In this case, there are two processes: N ↔ I, and I ↔ U (N = native, I = intermediate, U = unfolded), and you can figure out how much the tryptophan is buried in the intermediate state.

If you measure enzymatic activity and fluorescence of a protein in various denaturant concentrations, you sometimes see a tight relationship between the two: native protein has activity, denatured protein does not, plain and simple. Other times, the two are uncoupled at certain intermediate concentrations, indicating that a partially folded intermediate may retain enzymatic activity but expose its W residues, or vice versa.

Sometimes re-folding takes time, not just dilution of denaturant.

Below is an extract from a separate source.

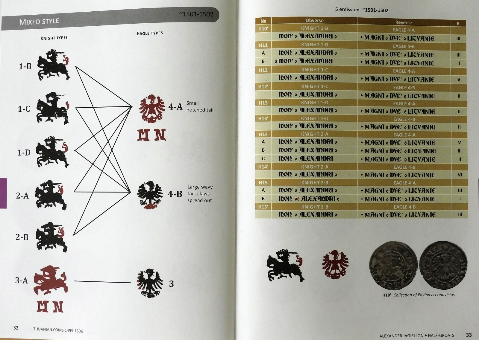 Jeden z najlepszych, a w naszej ocenie najlepszy, katalog monet litewskich okresu 1495-1536. Bardzo prosta i czytelna struktura od roku wybicia, poprzez występujące typy stempli Orła i Pogoni (ze wskazaniem różnic między stemplami), połączenia tych stempli, odmiany napisowe, warianty interpunkcyjne, błędy. Dla każdej pozycji katalogowej określono stopień rzadkości. Bardzo duża ilość fotografii. Słowem przystępne, czytelne, kompletne, bardzo szczegółowe opracowanie zarówno dla początkujących, jak i bardzo zaawansowanych kolekcjonerów.

In this case, you need to measure UV emission (or another readout) over time within each dilution. This is called kinetic refolding or kinetic unfolding as opposed to equilibrium refolding and unfolding. When you see an inflection point in your kinetic curve, it suggests the existence of an intermediate:

Example: the lens protein gamma D-crystallin

The γD-crystallin in your lens was translated by a ribosome when you were in the womb and deposited in what became your lens. This initial supply of the protein lasts your entire life - your lens has no nuclei so it cannot produce more crystallin. This protein is therefore among the longest-lived of proteins. These proteins have a ton of tryptophan in them, because the retina is highly sensitive to UV light. The lens functions to protect the retina from UV light, while being perfectly transparent in the visible spectrum. Note that W only sometimes emits a photon when excited - the rest of the time, the indole ring is broken instead, and the amino acid you now have is no longer quite tryptophan. γD-crystallin has a structure exquisitely evolved to shunt excitatory energy away from its tryptophans, so that the protein will not be destroyed by years of exposure to UV radiation. As a result, the tryptophans are much brighter than tryptophans in most proteins.

This protein provides a great example of folding through intermediates. It has four W, and by making a series of mutants where all but one of them were substituted by F, Jonathan King was able to measure the refolding kinetics for each individual tryptophan. The data indicate that C-terminal tryptophans resume native state fluorescence much quicker (on the order of 15 minutes faster) than N-terminal tryptophans, suggesting that the protein folds sequentially from its C terminus [Kosinski-Collins 2004]. The protein has two domains - C terminal and N terminal. King’s group made a series of mutations in residues at the interface between the two domains, and found that these did not affect the final, fully folded structure of the protein, but did affect the kinetics of folding - most of the substitutions increased the time required for folding by over 10x. Thus, the C terminus appears to act as a template for the folding of the N terminal part, and when this templating ability is lost, you have to wait much longer for the N terminal domain to fold on its own [Flaugh 2005a, Flaugh 2005b]. There are several pairs of aromatic residues pointed at one another in the beta sheets of γD-crystallin. Prof. King’s lab tried mutating each of these residues one by one [Kong & King 2011]. Predictably, most of the mutations affected the equilibrium unfolding curves. However, surprisingly, only one pair - Y133/Y138 - affected kinetic refolding. This is the most C-terminal of all of the pairs studied, and appears to nucleate early folding events in the C terminus.

Sea slugs or something have orthologs of γD-crystallin but with only one domain, whereas all vertebrates have a two-domain version. The two-domain version is thought to have been favored in the vertebrate lens due to higher stability.

Sometimes at very low denaturant concnetrations, where you are mostly in the native state, you will see a lot of noise in your UV spectra from aggregates. The aggregates have a locally native conformation, but are formed from intermolecular rather than intramolecular Greek keys. The aggregates quench tryptophan fluorescence but have a lot of conventional light scattering which introduces noise into the measurement.